_Recorded information_
——————————

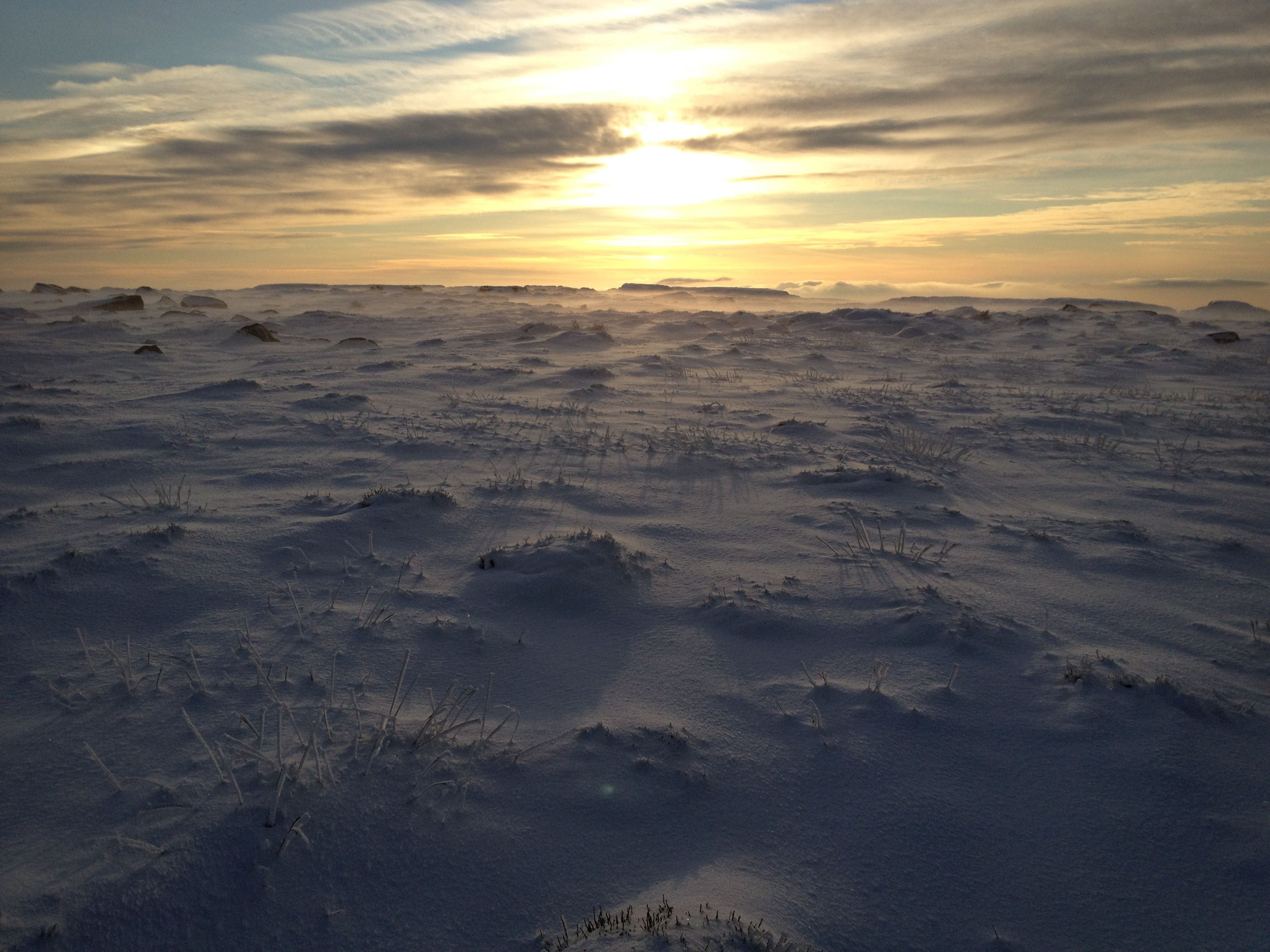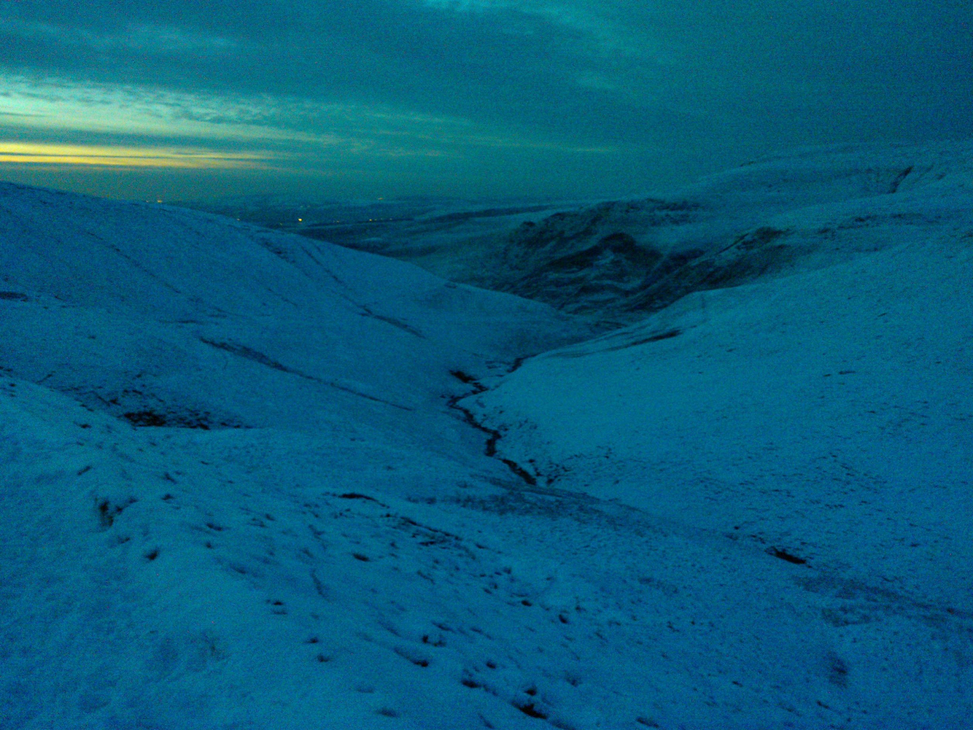 The signal to leave the clough is where it turns sharp left onto Shining Clough Moss. I crossed the beck again and took a bearing on the Pennine Way at Far Moss, occasionally resorting to ViewRanger to confirm my position. Everywhere was white. Completely featureless. A gently undulating sea of snow-covered groughs as far as you could see. The lowering sun was casting an eerie glow on this scene and I felt very alone, and very alive. A fabulous feeling.
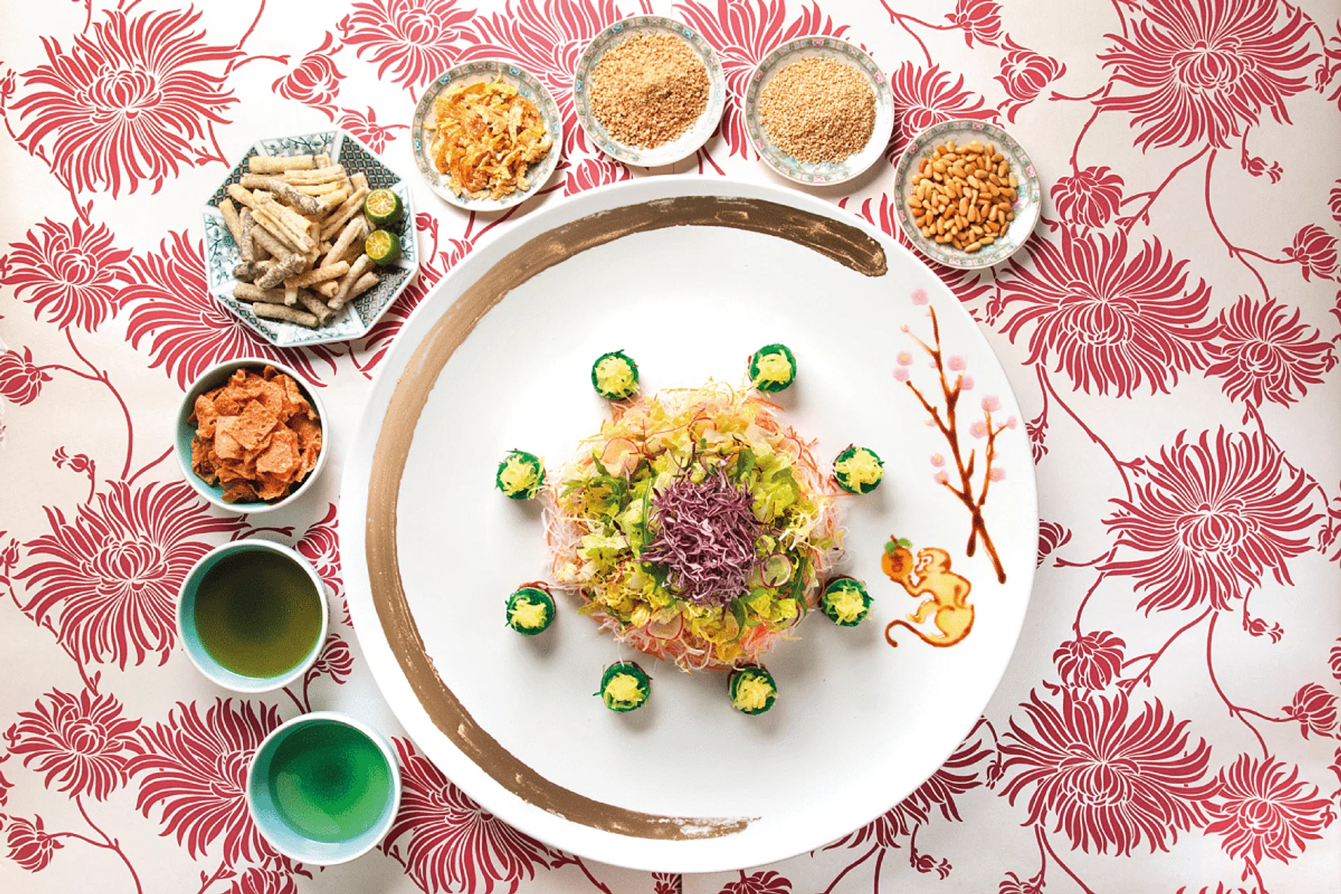 2) Chilled Sea Whelk and Salmon Caviar Yu Sheng, Summer Pavillion
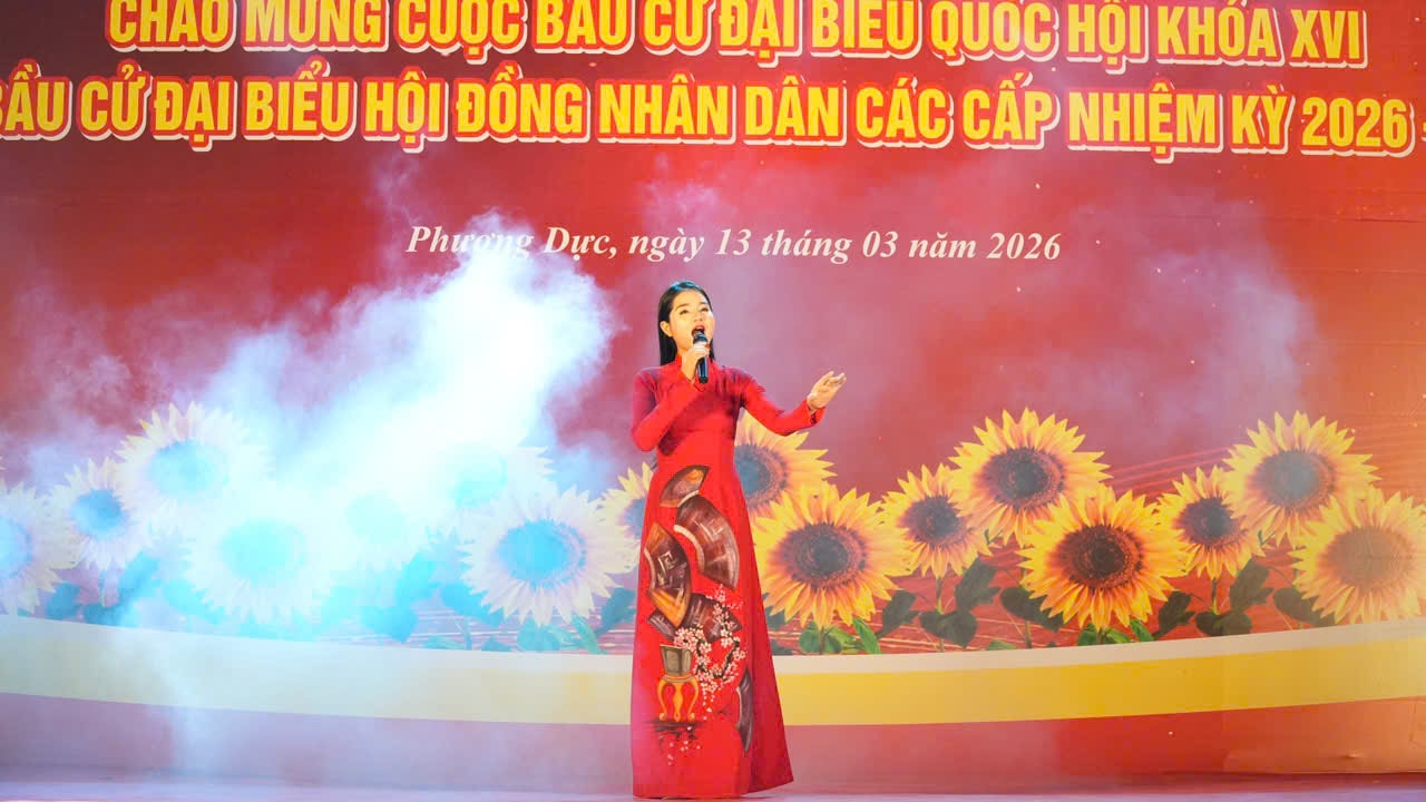 Ca khúc "Từ làng sen" do nghệ sĩ Thanh Huyền biểu diễn tại đêm nghệ thuật. Ảnh: TV
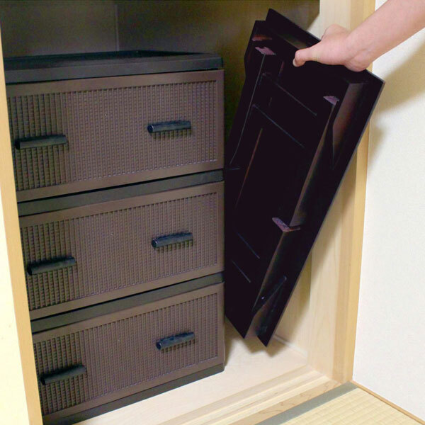 棚板を脚部内に収め折りたためるので、ちょっとした隙間に収納できます。

——————————

_Your objective_
Print the data exactly, from its first line to the line containing "2) Chilled Sea", both included. Omit the pictures.

_Answer area_
 The signal to leave the clough is where it turns sharp left onto Shining Clough Moss. I crossed the beck again and took a bearing on the Pennine Way at Far Moss, occasionally resorting to ViewRanger to confirm my position. Everywhere was white. Completely featureless. A gently undulating sea of snow-covered groughs as far as you could see. The lowering sun was casting an eerie glow on this scene and I felt very alone, and very alive. A fabulous feeling.
 2) Chilled Sea Whelk and Salmon Caviar Yu Sheng, Summer Pavillion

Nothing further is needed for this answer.